TASK PROMPT
Your answer must be an exact copy of the records below, with every picture left out.

== == ==

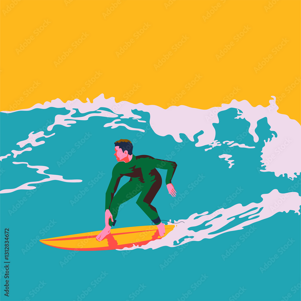 Surfer practicing surfing sport in summer at the beach #1312834672
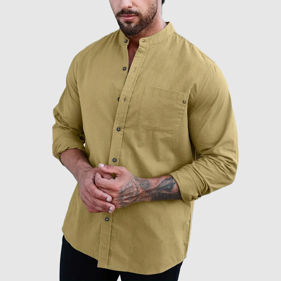 Polished & Modern: Men's Long Sleeve Shirt with Mandarin Collar!
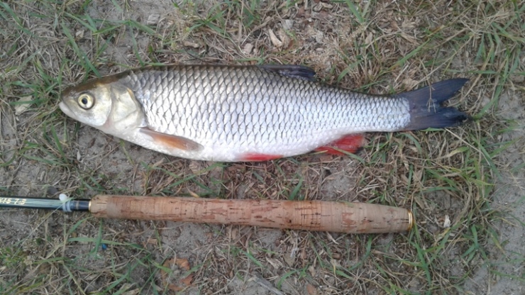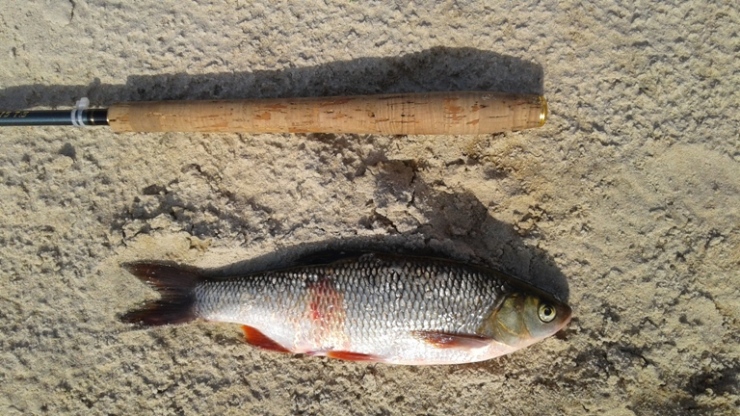 Ловил на середине Керженца в бревнах. Стоишь у бревна по пояс в воде, а с другой стороны бревна голавлики 100-150гр. Тенкара 3,15 оказалась длинновата. Хватило бы 2,35, жаль не взял ее с собой.
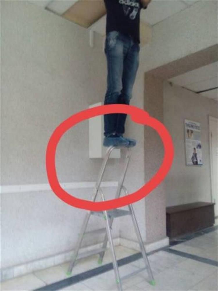 Človek stojí na malom rebríku veľmi nebezpečne, aj keď by bolo oveľa jednoduchšie použiť väčší.
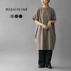 mizuiro ind(ミズイロインド) ロールアップ スリーブワンピース / カットソー 半袖 膝丈 ミドル丈 綿100 コットン チュニック
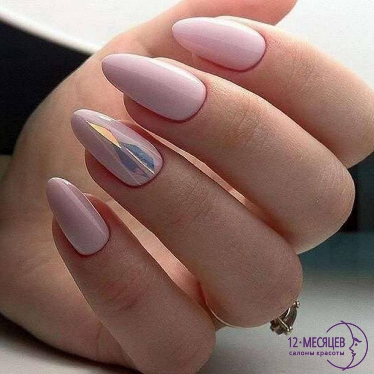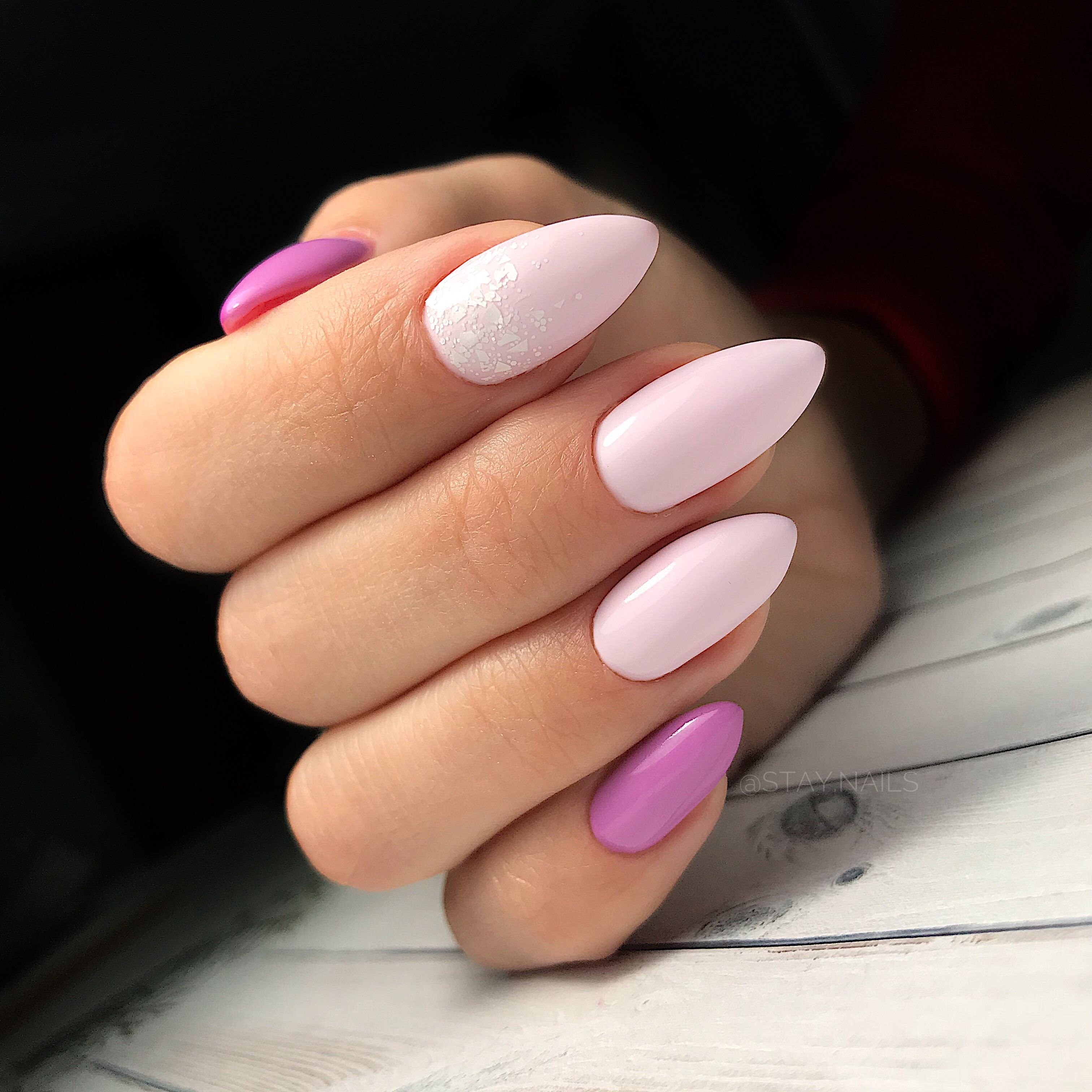 Маникюр на миндальную форму ногтей нежных оттенков
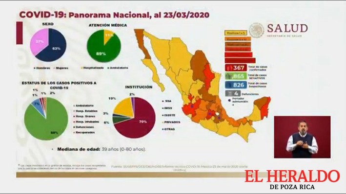 El virus causante del coronavirus Covid-19 está presente en 367 personas en México, 51 más respecto a las 316 del pasado domingo. Se sumaron dos fallecimientos para llegar a 4, de dos personas que vivían en Jalisco y Ciudad de México, informó Hugo López-Gatell, subsecretario de Prevención y Promoción de la Salud.
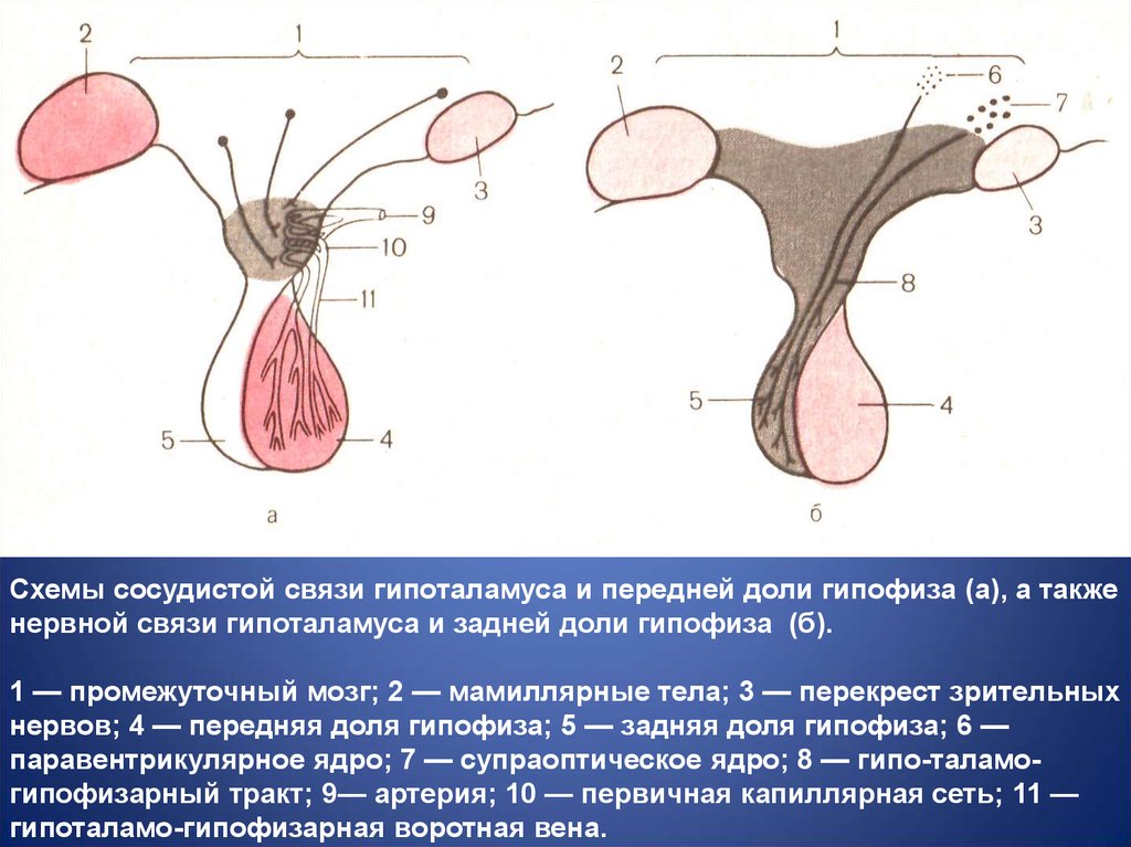 Схемы сосудистой связи гипоталамуса и передней доли гипофиза (а), а такженервной связи гипоталамуса и задней доли гипофиза (б).

== == ==

FINAL ANSWER
 Surfer practicing surfing sport in summer at the beach #1312834672
 Polished & Modern: Men's Long Sleeve Shirt with Mandarin Collar!
 Ловил на середине Керженца в бревнах. Стоишь у бревна по пояс в воде, а с другой стороны бревна голавлики 100-150гр. Тенкара 3,15 оказалась длинновата. Хватило бы 2,35, жаль не взял ее с собой.
 Človek stojí na malom rebríku veľmi nebezpečne, aj keď by bolo oveľa jednoduchšie použiť väčší.
 mizuiro ind(ミズイロインド) ロールアップ スリーブワンピース / カットソー 半袖 膝丈 ミドル丈 綿100 コットン チュニック
 Маникюр на миндальную форму ногтей нежных оттенков
 El virus causante del coronavirus Covid-19 está presente en 367 personas en México, 51 más respecto a las 316 del pasado domingo. Se sumaron dos fallecimientos para llegar a 4, de dos personas que vivían en Jalisco y Ciudad de México, informó Hugo López-Gatell, subsecretario de Prevención y Promoción de la Salud.
 Схемы сосудистой связи гипоталамуса и передней доли гипофиза (а), а такженервной связи гипоталамуса и задней доли гипофиза (б).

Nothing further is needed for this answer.